The
three greatest writers of the Weird
Tales era in the 1920s
and 30s were Howard, Lovecraft, and Clark Ashton Smith. Lovecraft
and Howard have gone on to greater fame in death than they ever knew
in life, but Smith – often acknowledged by his peers as the best of
the three – is today almost forgotten, a footnote in the pulp era,
read only by fans. It is ironic in a way his own morbid imagination
would appreciate – that he outlived his contemporaries by decades,
and yet his literary legacy is so much lesser.
Smith was an odd, reclusive man. Born in 1893, he lived all his life
in California. He married late in life, and his health was often
poor.
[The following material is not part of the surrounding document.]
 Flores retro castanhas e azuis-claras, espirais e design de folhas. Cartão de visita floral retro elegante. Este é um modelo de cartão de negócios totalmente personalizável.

He wrote fiction intensively only between the years of 1926
and 1935, largely under the epistolary influence of Lovecraft, with
whom he corresponded until the latter’s death in 1937. Smith’s
first love was poetry, and he turned out an impressive body of verse
in the course of his life, consisting of hundreds of poems marked by
their vividness and bizarre, often macabre imagery.
Later in life, he turned his hand mostly to visual arts, carving
strange sculptures from soapstone and turning out sketches and
paintings. Despite his friends’ urging, he wrote almost no fiction
after 1937, and spent the last decades of his life pursuing other
forms, though he never ceased creating.
It has been said that he was affected by tragedy, and that seems to
be true. It was his friend Lovecraft’s influence that turned him
to fiction in the first place, and in the years 1935 - 37 there was a
barrage of loss in his life. His mother died in ‛35, and while he
was nursing his father through terminal illness, he had word of Bob
Howard’s suicide in ‛36 and then Lovecraft himself died in ‛37.
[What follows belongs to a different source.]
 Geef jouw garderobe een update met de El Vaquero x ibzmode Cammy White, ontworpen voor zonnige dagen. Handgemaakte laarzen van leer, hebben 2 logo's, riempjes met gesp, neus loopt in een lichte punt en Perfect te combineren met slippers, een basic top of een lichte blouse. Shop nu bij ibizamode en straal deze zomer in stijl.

Shortly after this, his father passed away, and he must have felt
himself very, very alone. I suppose it can be understood why he laid
down his pen and never really picked it up again.
The
tragedy of that is the fact that his stories were marvelous. Smith
brought the same lyricism and ardent imagery to his prose that he
wielded so well in poetry, and he was undoubtedly the best writer,
line by line, that Weird
Tales ever printed. His
stories were perhaps the ideal of what was then called “weird
fiction” - a brew of fantasy, mystery, and horror that marked the
pulp era. Smith imagined fevered, bizarre, rich fantasy worlds
filled with darkness and a sense of the macabre. His worlds lived
and breathed in a way many fantasy worlds still do not.
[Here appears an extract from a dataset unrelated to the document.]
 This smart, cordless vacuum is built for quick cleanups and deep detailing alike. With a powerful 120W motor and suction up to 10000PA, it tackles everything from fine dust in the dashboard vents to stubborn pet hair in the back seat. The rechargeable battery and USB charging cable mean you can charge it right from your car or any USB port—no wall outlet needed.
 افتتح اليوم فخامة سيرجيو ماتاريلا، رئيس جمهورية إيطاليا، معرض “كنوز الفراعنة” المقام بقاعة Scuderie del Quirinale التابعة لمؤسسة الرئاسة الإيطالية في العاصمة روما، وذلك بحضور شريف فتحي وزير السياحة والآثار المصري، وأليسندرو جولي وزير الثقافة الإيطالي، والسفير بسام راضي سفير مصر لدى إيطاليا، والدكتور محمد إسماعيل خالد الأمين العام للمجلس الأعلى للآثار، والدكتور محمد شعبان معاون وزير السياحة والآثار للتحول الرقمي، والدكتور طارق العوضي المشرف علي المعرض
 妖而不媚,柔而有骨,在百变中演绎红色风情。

He is often said to have written Sword & Sorcery, and indeed many
of his works bear the marks of the style, such as the exotic “Empire
of the Necromancers” and the horrific “Isle of the Torturers”,
or the classic fantasy/terror story “The Double Shadow”. One can
see his influence on Howard – the dense lyricism of the Kull
stories in particular – and the way he urged Lovecraft away from
the refined, drawing-room prose of Poe imitation and into a new, more
modern world of horror. I would say he pushed both of them, simply
by virtue of his great talent.
He faded into obscurity, after the heady years of the 30s. He was
marked by a sense of loss and failure. As a young poet he had been
briefly lauded, and had traveled in literary circles among the likes
of Bierce and London. He was once hailed as “The Keats of the
Pacific”, but it did not last. Then, when he rose again as a story
writer, it was again ephemeral. Tragedy and ill health blunted his
abilities, and changes in the markets left him behind.
The
later years of his life seem to have passed quietly enough, and he
died peacefully in his sleep in 1961, a generation past his time. He
was buried under a stone near his childhood home, and there was no
marker. He left us - as so many writers do - only his words. It is
sad that his work often passes unnoticed beside the work of his
friends, who would have been the first to laud his over their own.
Smith is the hidden jewel of the Weird
Tales era, and I believe
he is the very root of the lyrical imagery that often marks Sword &
Sorcery, the unseen hand, the wizard behind the veil.